Let $S$= $\{3, 7, 11, 15, 19, . . . , 95, 99, 103\} $

How many elements must be selected from the set $S$ to ensure at least two elements have a sum of 110?

Answer:

There are 14 pairs: $\{7, 103\}, \{11, 99\}, . . . \{51, 59\}, \{55\}, \{3\}$

and by the Pigeonhole principle, 15 elements must be selected to ensure that two elements have a sum of 110.


My attempt:

I am confused on why there are 14 pairs.

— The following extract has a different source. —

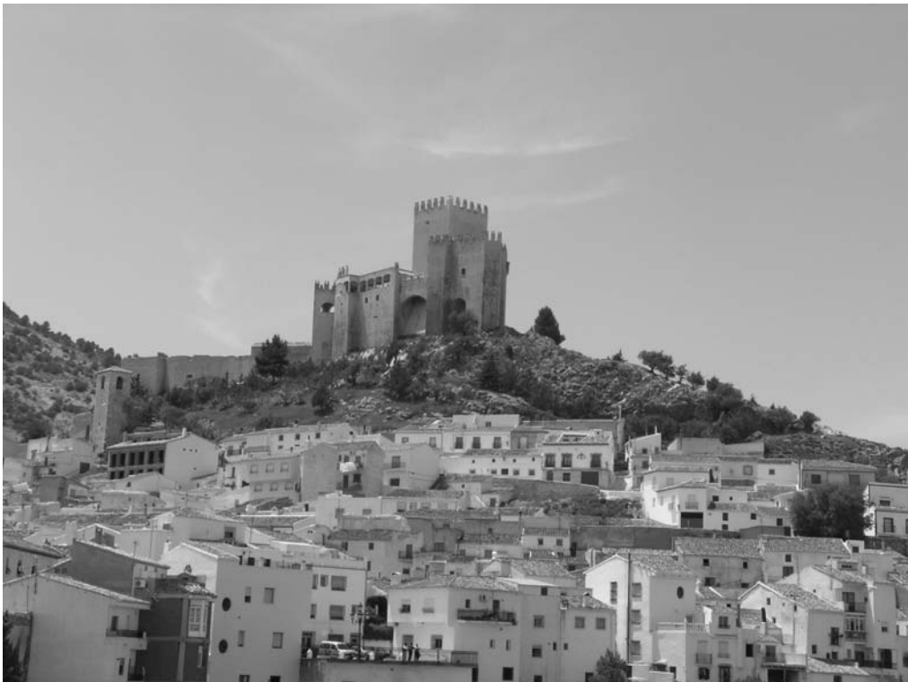
ESPECTACULAR IMAGEN DEL CASTILLO DOMINANDO EL HORIZONTE

I tried doing this question in a different way as I am not familiar with the Pigeonhole principle and got the wrong answer as shown below:

Given $S$= $\{3, 7, 11, 15, 19, . . . , 95, 99, 103\} $,

List the first few pair of elements whose sum is 110:

$\{7, 103\}, \{11, 99\}, \{15, 95\},... \{51, 59\}, \{55,55\},\{59,51\},...\{103,7\}$

  • The number on the left of each pair increases by 4, whereas the one on the right decreases by 4

  • The center is $(7+103)/2 =55$, so the pairs after the pair $\{55,55\}$ will be repeats of the ones before $\{55,55\}$ so exclude them

  • $\{55,55\}$ this pair has a sum of $110$ but is excluded too, since the elements are not unique as both are $55$, and $55$ cannot be added to any number other than itself to obtain the sum of $110$

The pairs remaining are:

$\{7, 103\}, \{11, 99\}, \{15, 95\},... \{51, 59\}$

and if you list all the pairs out there will be $12$ pairs, which is 24 elements. Exclude all the leftside numbers of each pair except $51$ and there will be 11 elements, which is incorrect.

So my question is why is my method wrong?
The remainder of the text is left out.